ZGB is available on github. You can take a look at all the things you can do with it and there is a tutorial showing you how to create a game step by step. You can also download the source code from Pretty Princess' Castle Escape and Super Princess' 2092 Exodus and see how they do their stuff (or even create some rom hacks if you want :P)

There is a tutorial showing you how to code this

Just for clarification: this is not the definitive engine for the Game Boy. It is written in C using gbdk and that adds a lot of extra garbage on the code . Also there are some parts that still could be optimized a lot. But I think it is good for people who want to do something relatively fast (You know what other options you have if you really want to squeeze the machine). I think it perfectly fits on a game jam. 

There will be more game jams in 2017. I'd like to ask you to give ZGB a try. You'll make me very happy if you create something fun with it (I might even cry). I have already fulfilled one of my childhood's dreams and would like to see you doing it too: create a videogame for the Game Boy.

Happy coding!

ZGB on github

Monday, January 02, 2017

Super Princess' 2092 Exodus

Initially developed for the gbjam5 this is the second game I develop for the Game Boy and also together with sergeeo doing the art and music.
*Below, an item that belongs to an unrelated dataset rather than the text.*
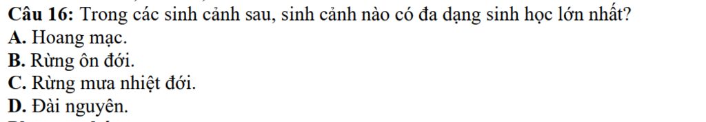 `->``bbC`$\\$Rừng mưa nhiệt đới có điều kiện khí hậu và môi trường thuận làm cho các loài sinh vật phát triển nên là nơi đa dạng sinh học lớn nhất

The gbjam5 ran from October 1st 2016 at 7:00 AM to October 10th 2016 at 7:00 AM. 399 games were entered, wow! Contrary to the bitbitJAM the games were not required to work on real hardware, actually the games just needed to be thematized as Game Boy games. I already had the engine I created for Pretty Princess' Castle Escape and I wanted to give it another try. Most of the time I spent on the bitbitJam was actually on the engine and not the game itself, so I knew we could do something better.
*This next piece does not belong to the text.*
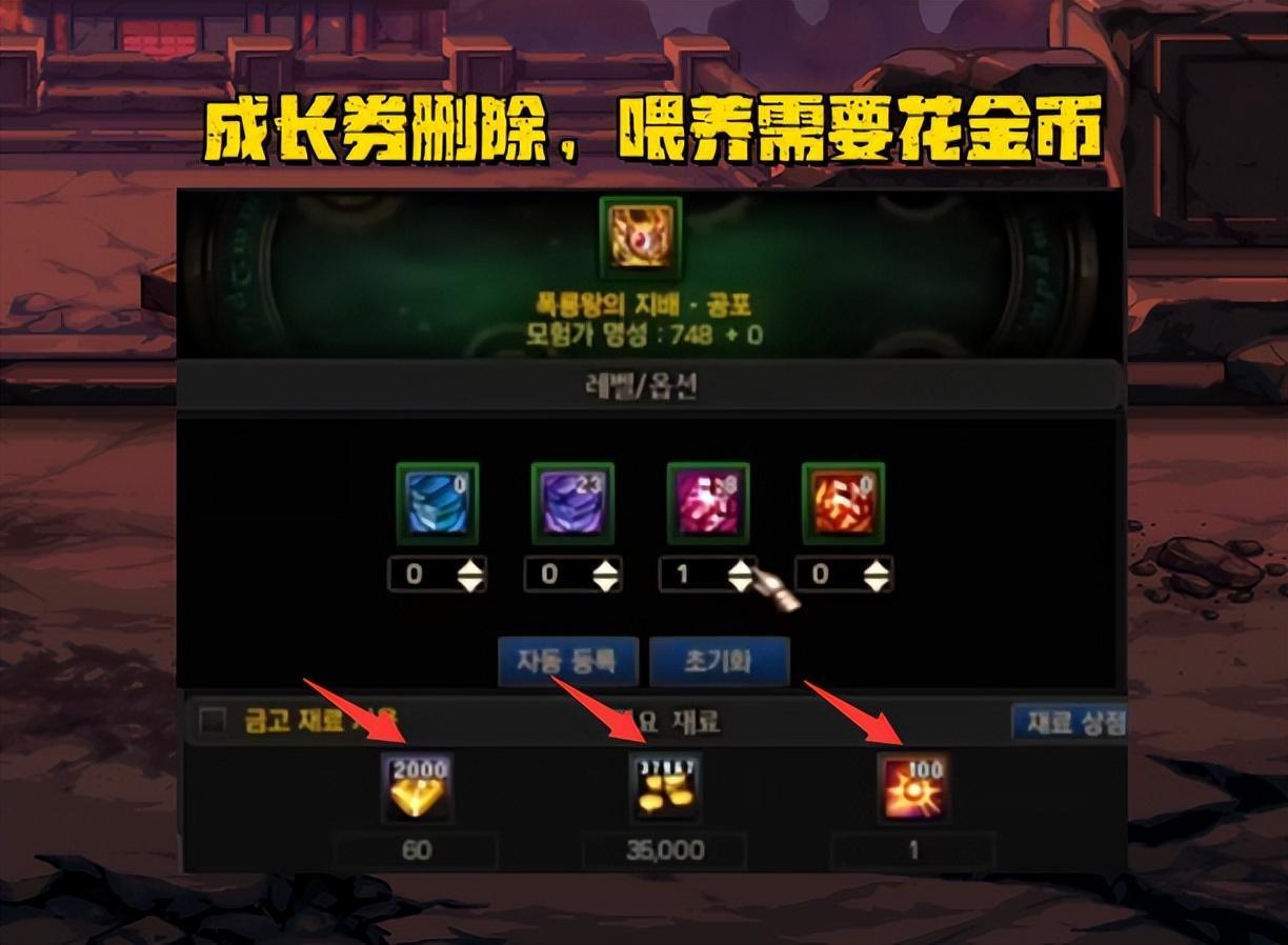 但是改版後,“成長券”就完完全全刪除了,就算你有足夠的「狗糧+靈魂之源」,那麼也一定、必須花費金幣才能餵養!

The first version of Super Princess' 2092 Exodus was developed in 48 hours. It only contained one level (7 screens) but it was more complete than Pretty Princess. I saw there was still a lot of improvements that could be done on the engine so I decided to continue working on it for a while. At the same time we also wanted to improve the game after the jam, so since them we have:

- Improved the jump (that was the main complain from people)
- Added 2 new levels, with their music, tileset and maps
- Added the screen transition similiar to the one you see in Megaman Games
- Moving Platforms
- 5 new enemies
- Better menus
- Sound effects
- An ending!

The game is not hard but it isn't easy either... in other words you won't finish it on your first try, just like videogames used to be. If you get killed, just try again

We are very happy with the result and hope you all enjoy it. You can play it here (just remember the experience is much better if you download the rom and play it on an emulator, or even better on real hardware)

Source code is also available on github

Sunday, December 04, 2016

Game Boy Development - Tips and Tricks (III)
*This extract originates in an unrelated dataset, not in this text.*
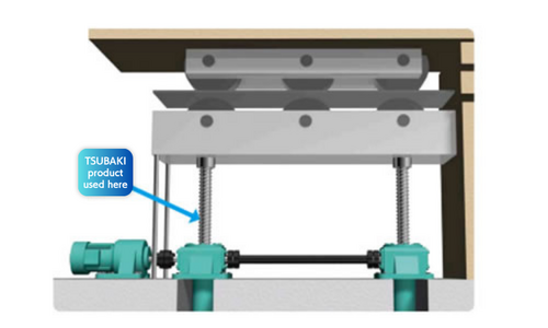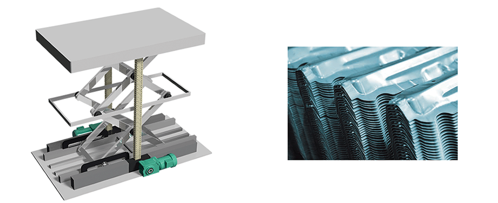Zip Chain Lifters are used to raise and lower stacked steel materials for pressing, and pressed components. Zip Chain Lifters are capable of higher speeds of raising and lowering than hydraulic lifters, and their positioning accuracy is also high, contributing to improved productivity.

This is the 3rd post on the series Game Boy Development - Tips and Tricks

7. SDCC Issues

No matter how you look at it, the SDCC that comes with the GBDK has some serious issues. Here I am going to talk a little bit about some of them that I have been able to isolate an reproduce 100% and the workarounds I was forced to use.

1. Minus unary operator (-) doesn't work with numbers bigger than 130

The minus operator used for negating a number either gives you a random value or crashes. You can easily test this with the next code: 

void Test0()  {
INT16 n   = 1000;
INT16 tmp = -n;
//Printing -n crashes
printf("%d neg: %d", n, tmp);

For some reason it only fails with numbers bigger than 130, so you can safely use if with 8 bits values (because the biggest 8 bit signed is 127). You shouldn't use it with unsigned values for obvious reasons.
The workaround is simple but annoying, use the next macro that negates a two's complement number

#define NEG(A) (0xFFFF - A + 1)
void Test0()  {
INT16 n   = 1000;
INT16 tmp = -n;
printf("%d neg: %d\n", n, NEG(n));

2. Extra cast is required for adding  an 8-bit value to an unsigned 16-bit value

I have to admit I wasn't sure at first it this was a bug or not. Mixing signed and unsigned values is always complicated but when you start using unsigned values is going to happen sooner or later. I just wrote a similar code on Visual Studio using shorts and ints and it seem to be a bug according to that.

Calling the next function with v0=100 and v1=-50 outputs 306 instead of 50

void Test1(UINT16 v0, INT8 v1) {
printf("%d ", v0 + v1);

At least for this one there is an explanation. The compiler is converting v1  to unsigned (256 - 50 = 206) and adding that value wich gives that result.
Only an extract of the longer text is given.